Once the line containing "Diện tích: 14m" is found in the entries below, restate it and each following line word for word, stopping after the line containing "Klasické pánske hodinky".

━━━━━ Stored data ━━━━━

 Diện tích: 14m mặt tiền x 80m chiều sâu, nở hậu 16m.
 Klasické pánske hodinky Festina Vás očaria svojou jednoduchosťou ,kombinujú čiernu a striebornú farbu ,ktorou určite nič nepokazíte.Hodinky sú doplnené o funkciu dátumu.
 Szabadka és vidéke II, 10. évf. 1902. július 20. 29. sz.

━━━━━
━━━━━ Stored data ━━━━━

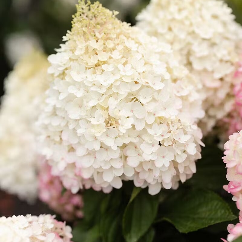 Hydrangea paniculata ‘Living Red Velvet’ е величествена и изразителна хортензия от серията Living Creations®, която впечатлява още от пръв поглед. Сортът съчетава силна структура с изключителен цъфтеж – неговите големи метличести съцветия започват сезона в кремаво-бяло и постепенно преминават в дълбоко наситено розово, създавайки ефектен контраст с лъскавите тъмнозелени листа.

━━━━━
━━━━━ Stored data ━━━━━

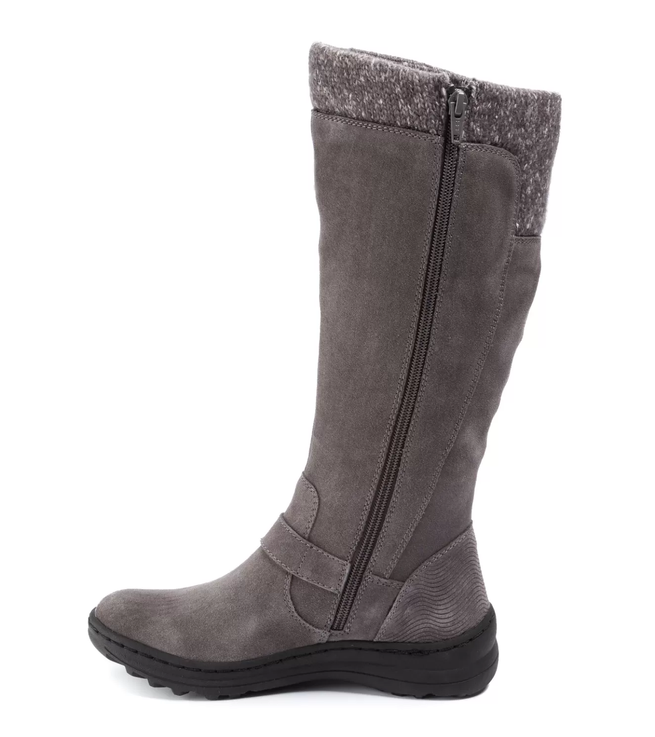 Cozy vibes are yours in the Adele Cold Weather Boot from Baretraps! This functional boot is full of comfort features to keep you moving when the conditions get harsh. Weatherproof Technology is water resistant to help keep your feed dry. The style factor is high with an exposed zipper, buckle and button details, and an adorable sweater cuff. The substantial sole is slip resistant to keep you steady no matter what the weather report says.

━━━━━

## Output of the task
 Diện tích: 14m mặt tiền x 80m chiều sâu, nở hậu 16m.
 Klasické pánske hodinky Festina Vás očaria svojou jednoduchosťou ,kombinujú čiernu a striebornú farbu ,ktorou určite nič nepokazíte.Hodinky sú doplnené o funkciu dátumu.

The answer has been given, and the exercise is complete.